All the lines below need retyping exactly, apart from the images.

──────── Collected material

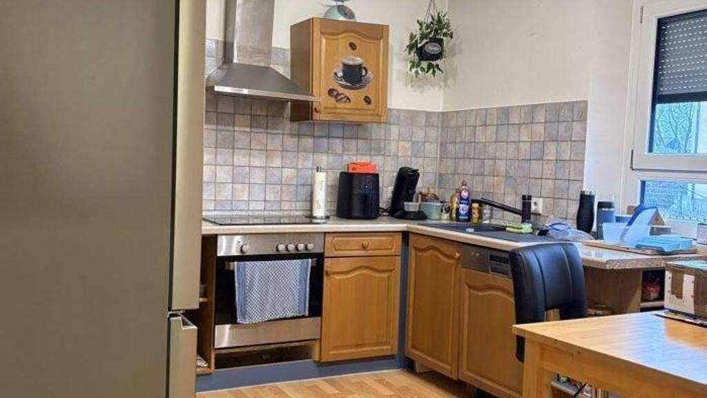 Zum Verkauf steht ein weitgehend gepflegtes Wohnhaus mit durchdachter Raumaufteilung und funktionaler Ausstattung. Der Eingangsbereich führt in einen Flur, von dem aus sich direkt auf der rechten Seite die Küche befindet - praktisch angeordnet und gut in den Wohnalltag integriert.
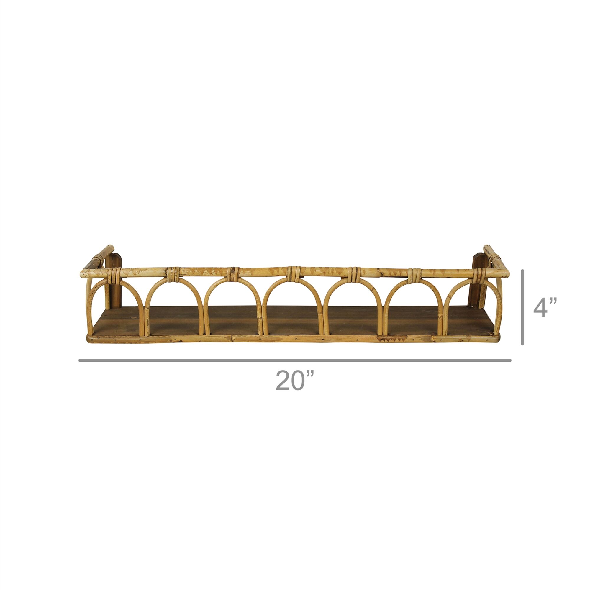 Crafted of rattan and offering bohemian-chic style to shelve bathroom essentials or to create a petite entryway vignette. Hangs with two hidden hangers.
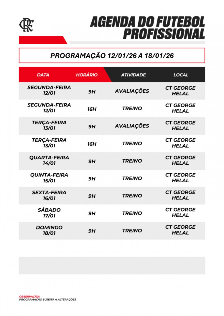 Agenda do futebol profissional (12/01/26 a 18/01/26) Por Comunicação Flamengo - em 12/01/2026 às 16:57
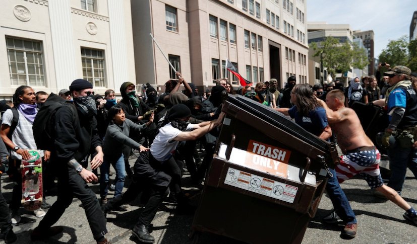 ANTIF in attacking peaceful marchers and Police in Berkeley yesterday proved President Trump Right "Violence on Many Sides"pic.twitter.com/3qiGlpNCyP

────────────────

The answer —
 Zum Verkauf steht ein weitgehend gepflegtes Wohnhaus mit durchdachter Raumaufteilung und funktionaler Ausstattung. Der Eingangsbereich führt in einen Flur, von dem aus sich direkt auf der rechten Seite die Küche befindet - praktisch angeordnet und gut in den Wohnalltag integriert.
 Crafted of rattan and offering bohemian-chic style to shelve bathroom essentials or to create a petite entryway vignette. Hangs with two hidden hangers.
 Agenda do futebol profissional (12/01/26 a 18/01/26) Por Comunicação Flamengo - em 12/01/2026 às 16:57
 ANTIF in attacking peaceful marchers and Police in Berkeley yesterday proved President Trump Right "Violence on Many Sides"pic.twitter.com/3qiGlpNCyP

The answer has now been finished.